EXERCISE GOAL: Start at the first line below and write out everything verbatim except the pictures.

STORED DATA:
"""

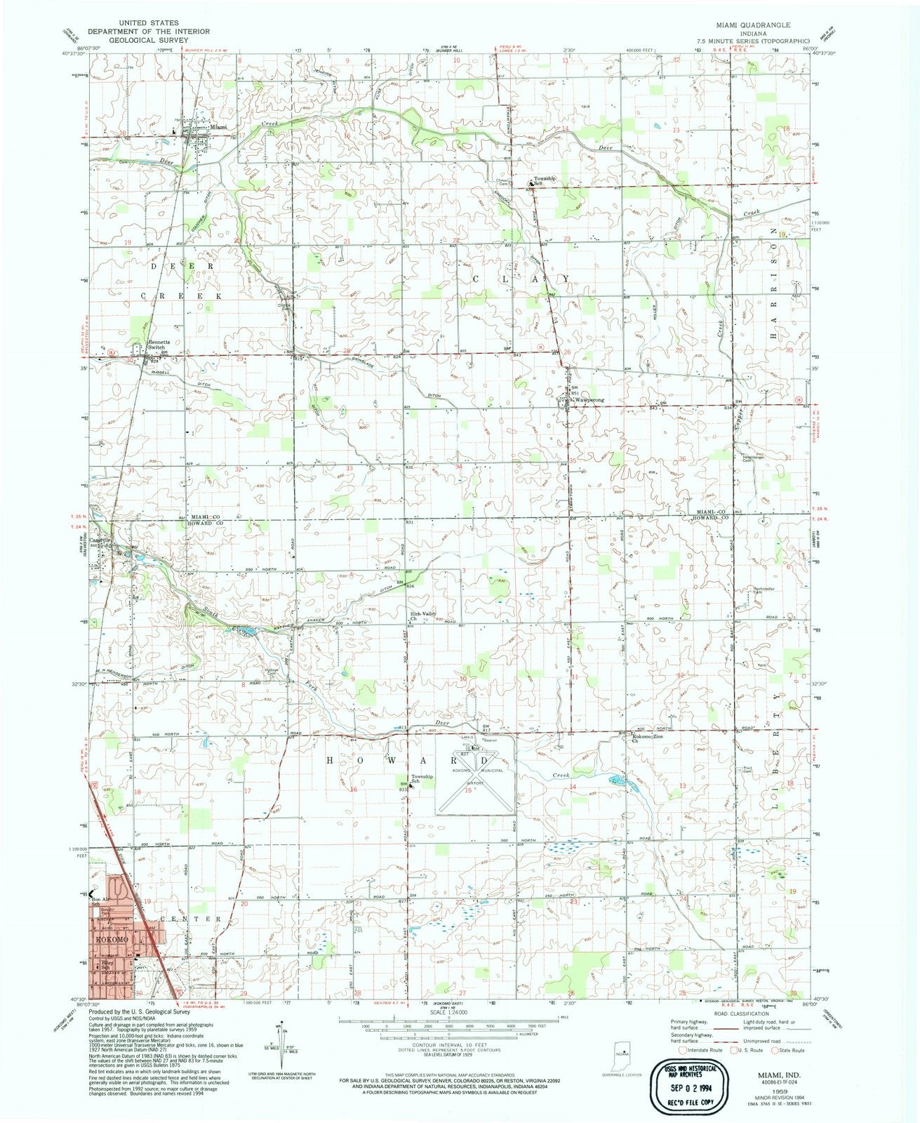 1959 Miami, in - Indiana - USGS Topographic Map
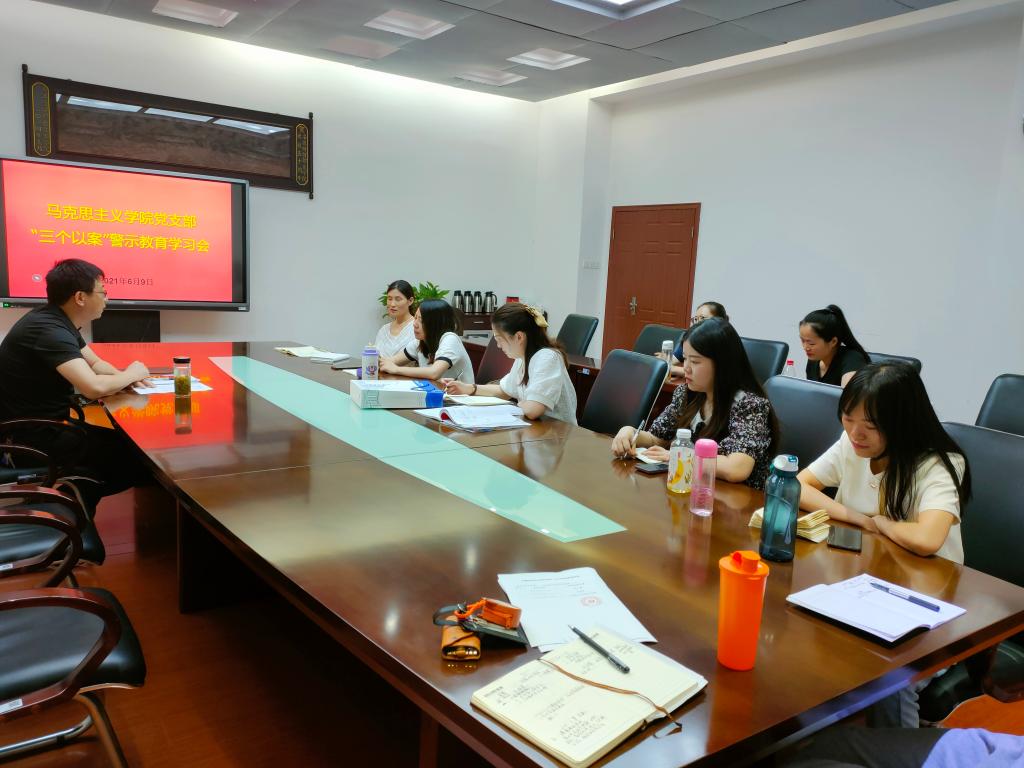 6月9日下午,马克思主义学院党支部召开进一步深化“三个以案”警示教育专题学习会,会议由支部书记王良斌主持。
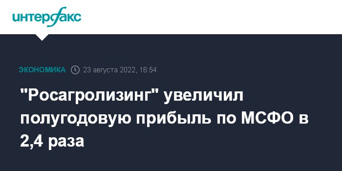 Москва. 23 августа. INTERFAX.RU - В I полугодии 2022 года чистая прибыль "Росагролизинга" по МСФО составила 1,353 млрд рублей, что в 2,4 раза больше, чем за аналогичный период прошлого года, сообщила пресс-служба компании.
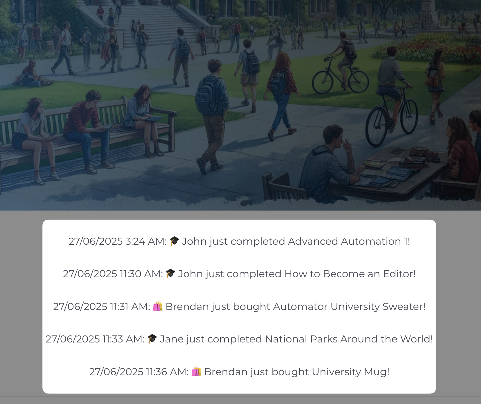Of course, a lot more than course completions happens on our website. So, we created additional recipes for quiz completions, event registrations, purchases, and more. Even with minimal styling, here’s how our activity stream looks:

"""

RESPONSE FOR THIS EXERCISE:
 1959 Miami, in - Indiana - USGS Topographic Map
 6月9日下午,马克思主义学院党支部召开进一步深化“三个以案”警示教育专题学习会,会议由支部书记王良斌主持。
 Москва. 23 августа. INTERFAX.RU - В I полугодии 2022 года чистая прибыль "Росагролизинга" по МСФО составила 1,353 млрд рублей, что в 2,4 раза больше, чем за аналогичный период прошлого года, сообщила пресс-служба компании.
Of course, a lot more than course completions happens on our website. So, we created additional recipes for quiz completions, event registrations, purchases, and more. Even with minimal styling, here’s how our activity stream looks:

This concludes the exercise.